RECORDED INFORMATION:
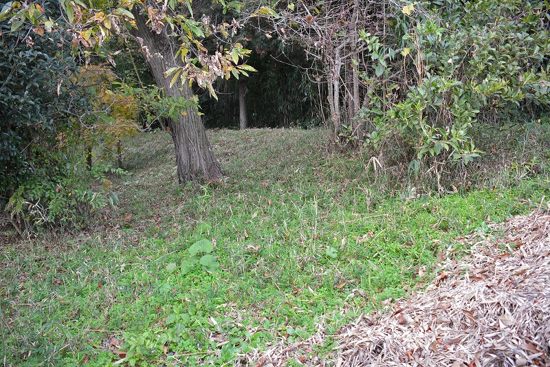 南側は比較的良好に保存されているものの、草木が生い茂っているためやや見づらくなっている。
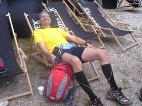 Leckere Tomatensuppe ist das erste was ich mir an Verpflegung schnappe und dann gleich im Liegestuhl verspeise. Das ist wirklich ein guter Service, meine Muckis danken es. Eine ganze Menschenmenge hat sich hier versammelt, weniger Läufer, denn Betreuer und Serviceleute. Der Streckenchef ist auch da und einige Reporter mit Kameras, die werden wohl kaum wegen mir da sein. Nein, natürlich nicht, schon kommt der erste der beiden spanischen Favoriten vom UT angerauscht. Kurz hinter Miguel Heras kommt auch der zweite Iker Karrera Aranburu an. Zwei bis drei Minuten werden sie sich wohl aufgehalten haben und schon sind sie wieder weg. Unmittelbar danach kommt unser deutscher Crack Matthias Dippacher rein. Sofort stürzen sich die Kameraleute auf ihn. Mit der Kamera unter der Nase muss er sich hier verpflegen. Schon mal interessant das mittendrin zu beobachten. Da schieße ich natürlich auch ein paar Fotos aus nächster Nähe.
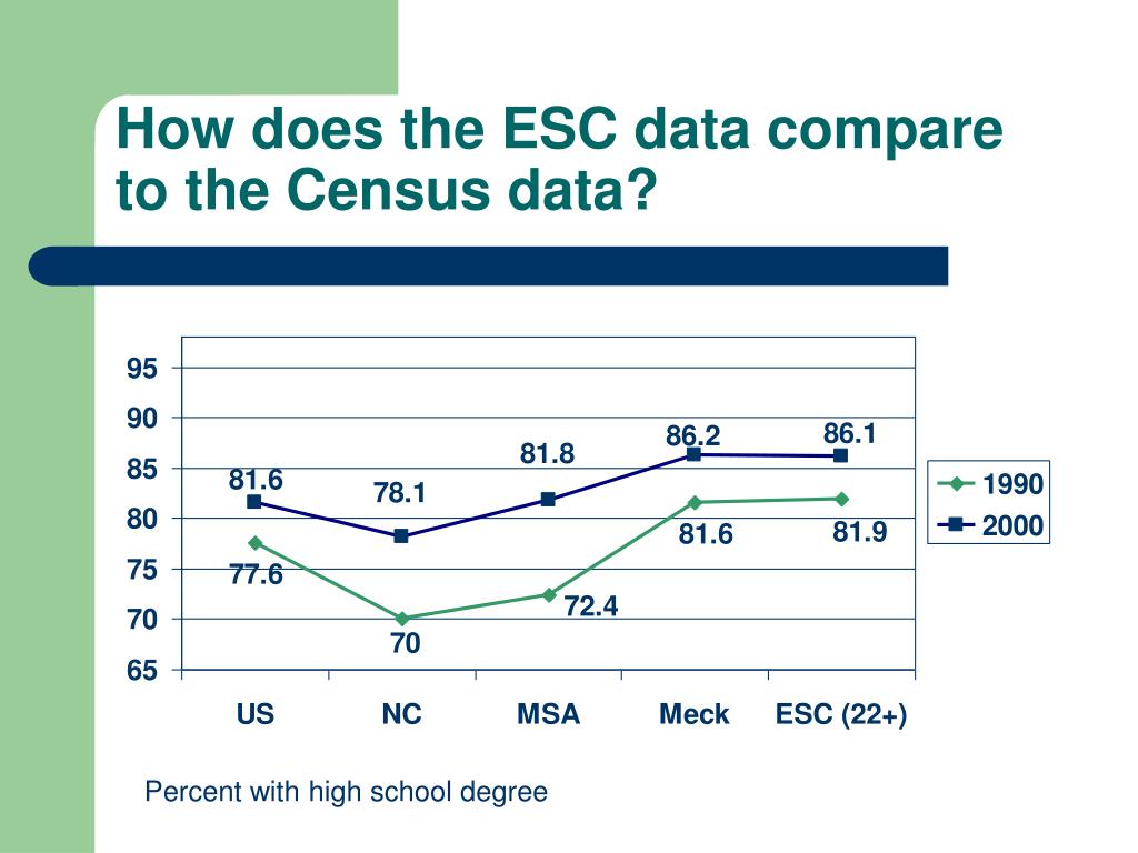 Data Elements Used in the Index • Pre-K, 3rd, 4th and 8th grade data from CMS and private schools • Graduation numbers from CMS and private schools • Adult (22+) data (highest grade completed) from the ESC (benchmarked against the 1990 and 2000 educational data from Census)
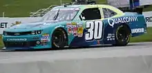 In 2011, the team ran full-time as the No. 30 Chevrolet Impala with a multitude of drivers.[11] Leffler drove the No. 30 with Accudoc Solutions, Wolfpack Rentals and Great Clips sponsoring the eight races that Kasey Kahne ran Leffler's normal No. 38. James Buescher drove in nine races with ABF Freight System, Fraternal Order of Eagles, Accudoc Solutions, Sporting Kansas City and Exide Batteries sponsoring the car. Ricky Carmichael drove the car with Monster Energy at Road America, Daytona, and Richmond. Ryan Newman drove the No. 30 with Dollar General on board at Phoenix. Reed Sorenson drove the No. 30 at Las Vegas, California, Michigan, and Kentucky with little success. Mikey Kile drove the No. 30 for five races with Accudoc and Battery Tender serving as sponsors. In addition to his driving duties in the No. 38 Turner Scott Motorsports car, Kahne drove the No. 30 entry at Charlotte in the spring and Chicagoland in the fall. Boris Said drove at Circuit Gilles Villeneuve with Great Clips sponsorship. Nelson Piquet Jr. drove the car at Homestead-Miami Speedway. Eddie Pardue stayed with Leffler when he transitioned between the No. 30 and No. 38, while Stewart Cooper worked with Kahne and the other drivers. The car ended up 18th in owner points with two top fives and 10 top 10s. The car's best run was at Lucas Oil Raceway when Buescher finished 2nd.
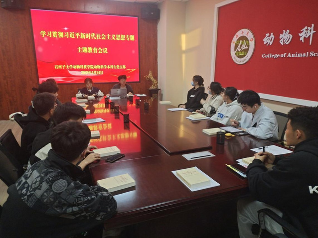 4月24日,动物科学本科生党支部在动科院主楼A223会议室举行“学习贯彻习近平新时代中国特色社会主义思想”专题教育活动。会议由动物科学专业本科生党支部副书记曹正宇主持,动物科学本科生党支部书记胡月老师及动物科学全体党员参加会议。
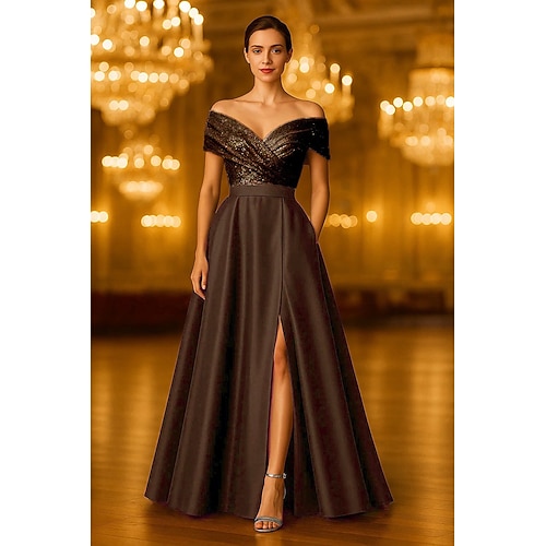Linea ad A Lunghezza al pavimento Lunghezza Tè Abiti da Cocktail Abiti da festa Elegante Scintillante Manica Corta Senza Spalle Matrimonio Formale Tasca Con Paillettes con Glitter
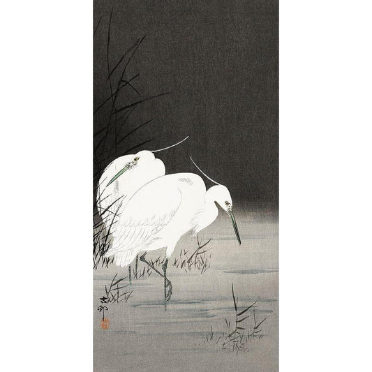 Two egrets in the reeds Black Modern Wood Framed Art Print by Koson, Ohara
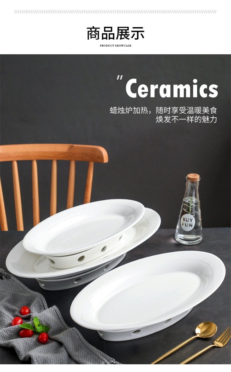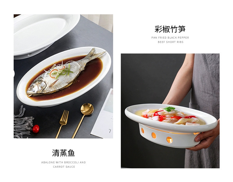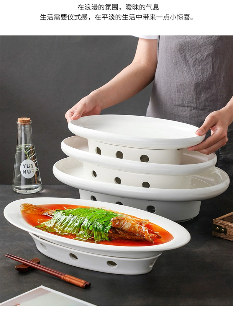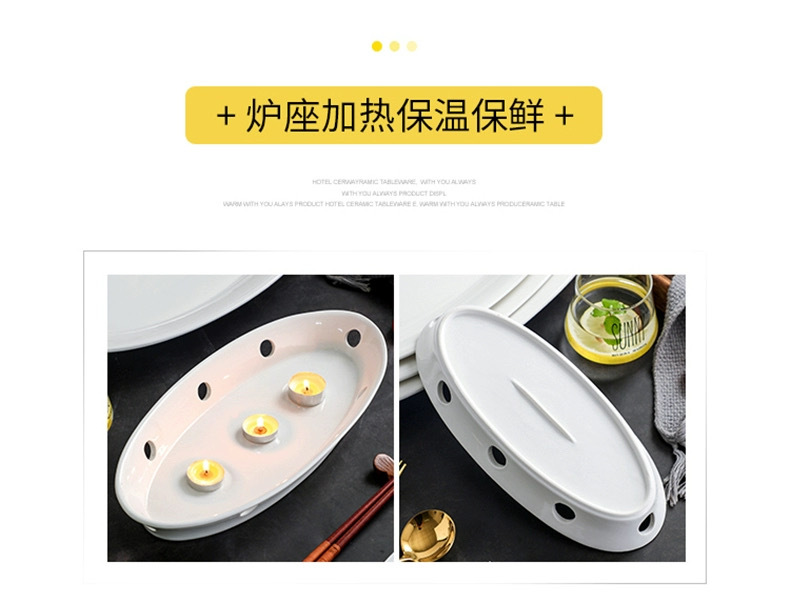 세라믹 생선 스토브 새로운 생선 접시 가정용 생선 찜 접시 촛불 가열 및 단열 호텔 식기 세라믹 다진 고추 생선 머리
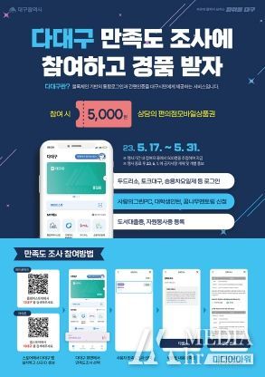 미디어아워 김성연 기자 | 대구광역시는 5월 17일 오전 9시부터 통합로그인·간편인증 시스템인 ‘다대구’앱 만족도조사에 참여하는 회원 500명에게 편의점 상품권을 지급한다.

TASK INSTRUCTIONS: Output the records exactly. Drop the images.

WRITTEN REPLY:
 南側は比較的良好に保存されているものの、草木が生い茂っているためやや見づらくなっている。
 Leckere Tomatensuppe ist das erste was ich mir an Verpflegung schnappe und dann gleich im Liegestuhl verspeise. Das ist wirklich ein guter Service, meine Muckis danken es. Eine ganze Menschenmenge hat sich hier versammelt, weniger Läufer, denn Betreuer und Serviceleute. Der Streckenchef ist auch da und einige Reporter mit Kameras, die werden wohl kaum wegen mir da sein. Nein, natürlich nicht, schon kommt der erste der beiden spanischen Favoriten vom UT angerauscht. Kurz hinter Miguel Heras kommt auch der zweite Iker Karrera Aranburu an. Zwei bis drei Minuten werden sie sich wohl aufgehalten haben und schon sind sie wieder weg. Unmittelbar danach kommt unser deutscher Crack Matthias Dippacher rein. Sofort stürzen sich die Kameraleute auf ihn. Mit der Kamera unter der Nase muss er sich hier verpflegen. Schon mal interessant das mittendrin zu beobachten. Da schieße ich natürlich auch ein paar Fotos aus nächster Nähe.
 Data Elements Used in the Index • Pre-K, 3rd, 4th and 8th grade data from CMS and private schools • Graduation numbers from CMS and private schools • Adult (22+) data (highest grade completed) from the ESC (benchmarked against the 1990 and 2000 educational data from Census)
 In 2011, the team ran full-time as the No. 30 Chevrolet Impala with a multitude of drivers.[11] Leffler drove the No. 30 with Accudoc Solutions, Wolfpack Rentals and Great Clips sponsoring the eight races that Kasey Kahne ran Leffler's normal No. 38. James Buescher drove in nine races with ABF Freight System, Fraternal Order of Eagles, Accudoc Solutions, Sporting Kansas City and Exide Batteries sponsoring the car. Ricky Carmichael drove the car with Monster Energy at Road America, Daytona, and Richmond. Ryan Newman drove the No. 30 with Dollar General on board at Phoenix. Reed Sorenson drove the No. 30 at Las Vegas, California, Michigan, and Kentucky with little success. Mikey Kile drove the No. 30 for five races with Accudoc and Battery Tender serving as sponsors. In addition to his driving duties in the No. 38 Turner Scott Motorsports car, Kahne drove the No. 30 entry at Charlotte in the spring and Chicagoland in the fall. Boris Said drove at Circuit Gilles Villeneuve with Great Clips sponsorship. Nelson Piquet Jr. drove the car at Homestead-Miami Speedway. Eddie Pardue stayed with Leffler when he transitioned between the No. 30 and No. 38, while Stewart Cooper worked with Kahne and the other drivers. The car ended up 18th in owner points with two top fives and 10 top 10s. The car's best run was at Lucas Oil Raceway when Buescher finished 2nd.
 4月24日,动物科学本科生党支部在动科院主楼A223会议室举行“学习贯彻习近平新时代中国特色社会主义思想”专题教育活动。会议由动物科学专业本科生党支部副书记曹正宇主持,动物科学本科生党支部书记胡月老师及动物科学全体党员参加会议。
Linea ad A Lunghezza al pavimento Lunghezza Tè Abiti da Cocktail Abiti da festa Elegante Scintillante Manica Corta Senza Spalle Matrimonio Formale Tasca Con Paillettes con Glitter
 Two egrets in the reeds Black Modern Wood Framed Art Print by Koson, Ohara
 세라믹 생선 스토브 새로운 생선 접시 가정용 생선 찜 접시 촛불 가열 및 단열 호텔 식기 세라믹 다진 고추 생선 머리
 미디어아워 김성연 기자 | 대구광역시는 5월 17일 오전 9시부터 통합로그인·간편인증 시스템인 ‘다대구’앱 만족도조사에 참여하는 회원 500명에게 편의점 상품권을 지급한다.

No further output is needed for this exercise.